----- Working data
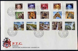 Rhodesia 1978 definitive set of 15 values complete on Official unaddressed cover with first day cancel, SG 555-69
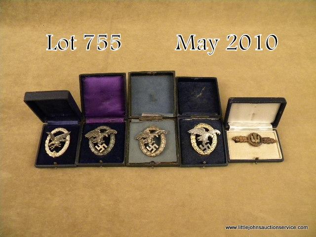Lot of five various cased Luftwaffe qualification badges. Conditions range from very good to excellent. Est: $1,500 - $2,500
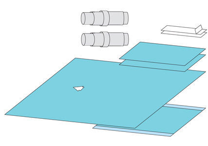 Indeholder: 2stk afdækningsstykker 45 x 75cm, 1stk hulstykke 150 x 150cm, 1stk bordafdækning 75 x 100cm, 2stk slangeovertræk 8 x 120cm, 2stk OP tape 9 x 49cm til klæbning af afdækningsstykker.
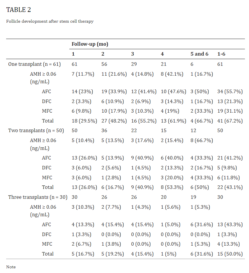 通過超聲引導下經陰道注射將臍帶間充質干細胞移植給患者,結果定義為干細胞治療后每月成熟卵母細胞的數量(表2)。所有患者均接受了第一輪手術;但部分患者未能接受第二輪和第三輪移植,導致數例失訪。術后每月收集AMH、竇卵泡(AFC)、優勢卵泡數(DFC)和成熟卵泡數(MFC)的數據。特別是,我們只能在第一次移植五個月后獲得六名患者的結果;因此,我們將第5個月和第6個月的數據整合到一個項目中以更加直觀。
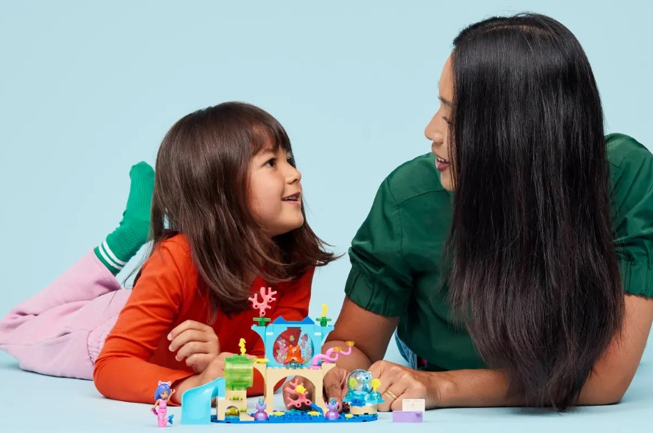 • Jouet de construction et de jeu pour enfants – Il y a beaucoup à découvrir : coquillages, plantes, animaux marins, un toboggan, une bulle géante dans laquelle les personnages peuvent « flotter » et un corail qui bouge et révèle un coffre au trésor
----------
----- Working data
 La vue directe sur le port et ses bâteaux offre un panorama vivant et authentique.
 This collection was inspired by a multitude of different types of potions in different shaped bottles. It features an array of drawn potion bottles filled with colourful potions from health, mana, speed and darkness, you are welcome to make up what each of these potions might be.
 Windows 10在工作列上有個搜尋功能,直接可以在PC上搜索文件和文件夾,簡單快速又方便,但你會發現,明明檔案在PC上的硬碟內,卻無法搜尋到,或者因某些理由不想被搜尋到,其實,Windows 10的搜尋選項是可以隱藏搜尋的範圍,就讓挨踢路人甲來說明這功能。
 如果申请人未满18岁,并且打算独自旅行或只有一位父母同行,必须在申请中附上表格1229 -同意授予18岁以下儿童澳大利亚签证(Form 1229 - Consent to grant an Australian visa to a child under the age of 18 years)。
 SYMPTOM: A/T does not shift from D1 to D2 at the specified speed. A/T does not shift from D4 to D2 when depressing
----------
Out of the records above, return only the lines from the one with "Rhodesia 1978 definitive" through the one with "Lot of five", exactly, and none of the pictures.

Answer section:
 Rhodesia 1978 definitive set of 15 values complete on Official unaddressed cover with first day cancel, SG 555-69
Lot of five various cased Luftwaffe qualification badges. Conditions range from very good to excellent. Est: $1,500 - $2,500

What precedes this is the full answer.